In her old editorial office, Svitlana takes a moment to remember the life she had here. “An entire era has just been destroyed. What can I say? Only sorrow, great sorrow and pain,” she says, looking at the crumbling walls and broken windows. “I worry that it will never be the same again.”
Newsrooms at breaking point
Lesya Lazorenko is listening intently during a regular editorial meeting in the newsroom she runs in Kremenchuk, in central Ukraine. A colleague is discussing a difficult story she is covering.
“I talked to a girl who was raped by the Russian occupiers,” the reporter says. “She told me everything in great detail. I’m very worried about not causing another trauma.”
Lesya is the chief editor of the Kremenchuk Telegraph. The story she’s hearing is sadly all too familiar. She advises her colleague to talk to a psychologist. “We need to make sure that she doesn’t get hurt anymore,” Lesya says.
She worries about her reporting staff, predominantly women, who now spend a considerable amount of time talking to victims of trauma.

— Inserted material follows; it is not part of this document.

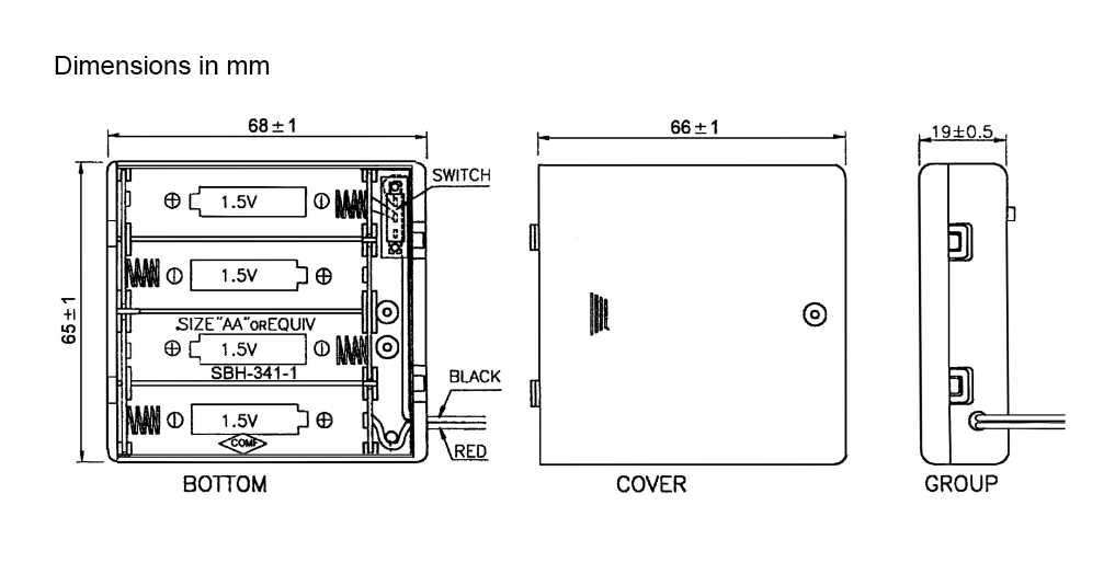 Batteriebehälter; AA; R6; Schwarz; mit Kabeln: 150mm; mit Schalter; Anzahl der Batterien: 4; Länge: 68 mm; Breite: 65 mm; Höhe: 19mm

“It’s very important for me as an editor to understand the level of burnout of each of them,” she says. “I see tears in the eyes of journalists after the interview. I see tears in the eyes of video operators who edit material and who cannot hold themselves back.
“We are working with POWs. We are talking to women who were raped in captivity. Now we are talking to parents who have lost their children, not only on the front, but during shelling in our hometown. And it’s terrible.”
It’s very personal for Lesya. Her eldest son Bohdan could be deployed to fight at any time. Her 10-year-old daughter Yaroslava, who now spends many school days in a bomb shelter, is having nightmares. She dreams of explosions and losing her family members.
“At the age of 10 she knows the sound of an explosion; she knows what a bomb shelter is,” she says. “I’m afraid of losing my children.”
Some days the strain of keeping her family safe, her staff supported and her newspaper operational takes its toll.
“When you lead the team, I as a woman and as an editor have certain weaknesses and I close the doors of my office. I can cry sometimes. But I will cry so they do not see any of my emotions. I have to go out with a smile, to say that we are doing well, that we will handle everything.”